(Task):
Set down, exactly and only, everything from the line containing "После просмотра ролика, ученики" down to the line containing "Europeennes Geometric Paisley" in the data below; the pictures are not part of the copy.

___ Supplied information ___

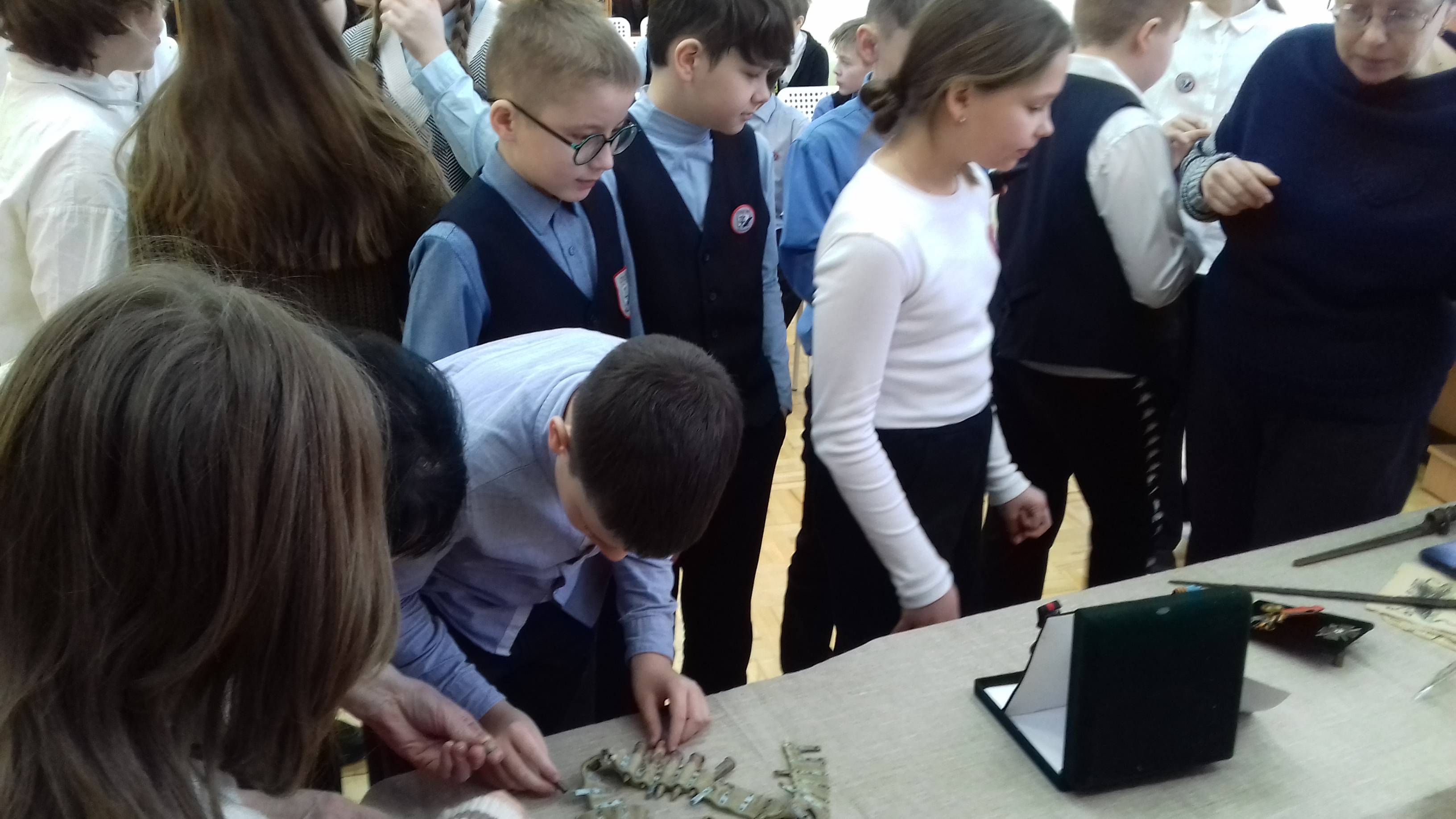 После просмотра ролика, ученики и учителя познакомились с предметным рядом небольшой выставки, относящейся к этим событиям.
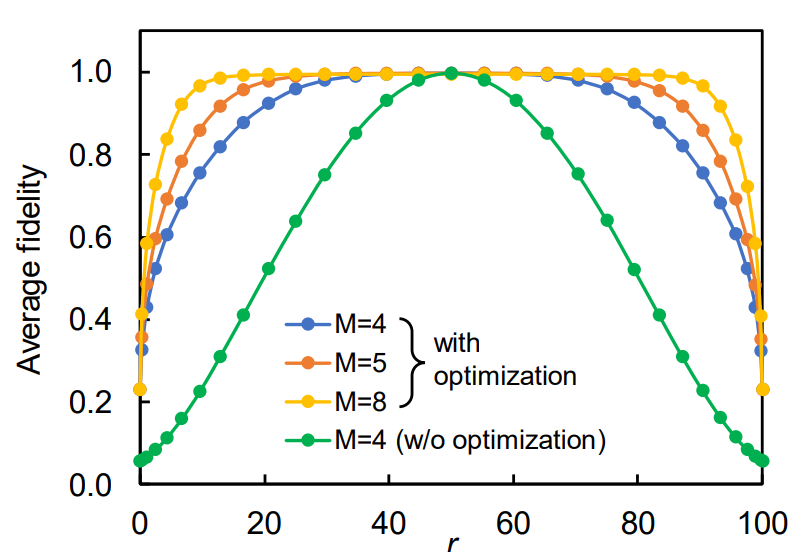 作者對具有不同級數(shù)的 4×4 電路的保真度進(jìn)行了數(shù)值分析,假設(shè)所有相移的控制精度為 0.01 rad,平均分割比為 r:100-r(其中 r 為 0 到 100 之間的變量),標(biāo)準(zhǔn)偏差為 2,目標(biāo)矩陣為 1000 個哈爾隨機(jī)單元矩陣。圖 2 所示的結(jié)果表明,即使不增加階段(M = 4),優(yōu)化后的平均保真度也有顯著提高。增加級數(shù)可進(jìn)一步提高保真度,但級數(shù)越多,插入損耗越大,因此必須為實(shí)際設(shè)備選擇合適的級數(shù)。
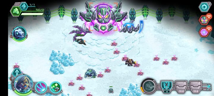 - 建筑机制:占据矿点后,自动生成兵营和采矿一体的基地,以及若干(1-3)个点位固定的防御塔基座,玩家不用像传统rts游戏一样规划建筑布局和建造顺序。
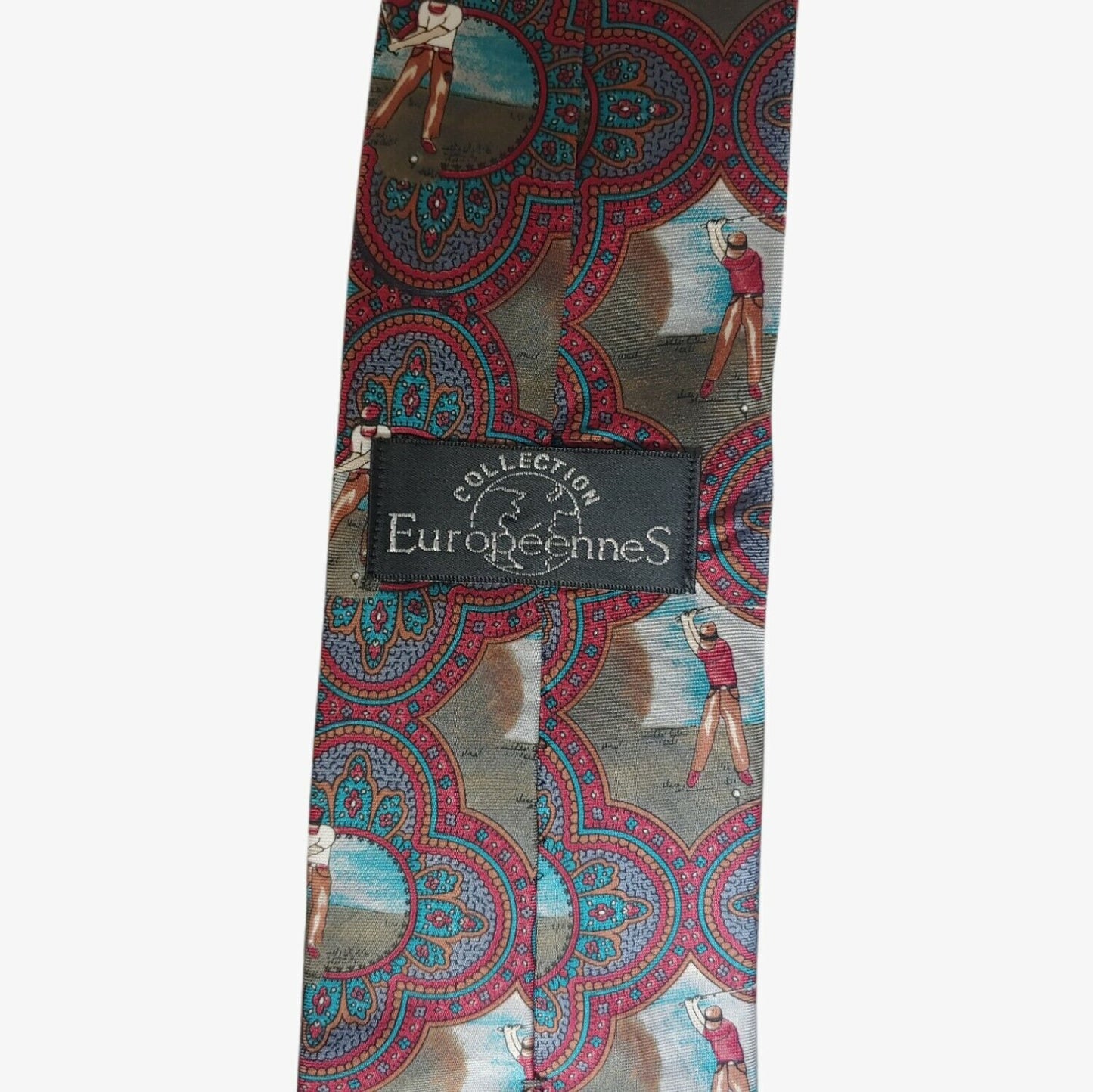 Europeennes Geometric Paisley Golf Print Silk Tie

___
___ Supplied information ___

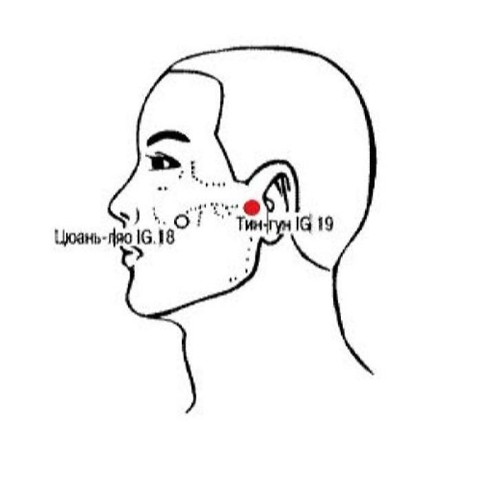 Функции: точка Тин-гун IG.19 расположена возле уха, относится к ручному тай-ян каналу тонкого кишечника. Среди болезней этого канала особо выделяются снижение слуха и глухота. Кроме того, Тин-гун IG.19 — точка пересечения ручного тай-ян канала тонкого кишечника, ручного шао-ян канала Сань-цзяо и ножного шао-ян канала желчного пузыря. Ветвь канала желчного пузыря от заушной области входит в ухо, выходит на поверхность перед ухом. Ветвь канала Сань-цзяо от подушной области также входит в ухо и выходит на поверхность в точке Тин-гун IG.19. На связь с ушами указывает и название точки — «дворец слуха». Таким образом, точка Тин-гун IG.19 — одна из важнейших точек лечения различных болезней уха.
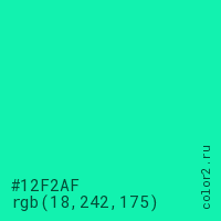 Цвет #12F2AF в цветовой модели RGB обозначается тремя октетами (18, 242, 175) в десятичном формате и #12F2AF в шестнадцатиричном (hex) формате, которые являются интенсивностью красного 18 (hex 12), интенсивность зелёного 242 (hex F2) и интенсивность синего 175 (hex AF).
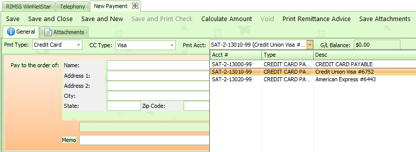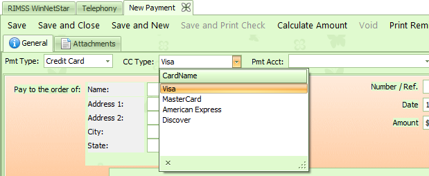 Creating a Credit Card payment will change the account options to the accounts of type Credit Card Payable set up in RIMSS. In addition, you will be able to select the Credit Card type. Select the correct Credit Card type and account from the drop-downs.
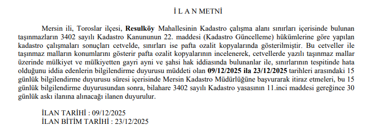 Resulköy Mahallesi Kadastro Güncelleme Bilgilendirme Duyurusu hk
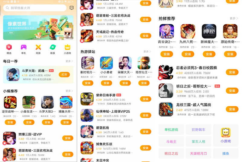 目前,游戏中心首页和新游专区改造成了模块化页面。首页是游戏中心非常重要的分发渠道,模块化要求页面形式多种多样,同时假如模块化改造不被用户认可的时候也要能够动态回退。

___
___ Supplied information ___

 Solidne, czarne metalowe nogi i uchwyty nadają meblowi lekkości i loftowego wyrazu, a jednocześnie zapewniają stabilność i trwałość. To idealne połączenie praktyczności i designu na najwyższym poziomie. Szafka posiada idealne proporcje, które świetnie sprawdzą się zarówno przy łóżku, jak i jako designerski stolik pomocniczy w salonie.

___

(Response box):
 После просмотра ролика, ученики и учителя познакомились с предметным рядом небольшой выставки, относящейся к этим событиям.
 作者對具有不同級數(shù)的 4×4 電路的保真度進(jìn)行了數(shù)值分析,假設(shè)所有相移的控制精度為 0.01 rad,平均分割比為 r:100-r(其中 r 為 0 到 100 之間的變量),標(biāo)準(zhǔn)偏差為 2,目標(biāo)矩陣為 1000 個哈爾隨機(jī)單元矩陣。圖 2 所示的結(jié)果表明,即使不增加階段(M = 4),優(yōu)化后的平均保真度也有顯著提高。增加級數(shù)可進(jìn)一步提高保真度,但級數(shù)越多,插入損耗越大,因此必須為實(shí)際設(shè)備選擇合適的級數(shù)。
 - 建筑机制:占据矿点后,自动生成兵营和采矿一体的基地,以及若干(1-3)个点位固定的防御塔基座,玩家不用像传统rts游戏一样规划建筑布局和建造顺序。
 Europeennes Geometric Paisley Golf Print Silk Tie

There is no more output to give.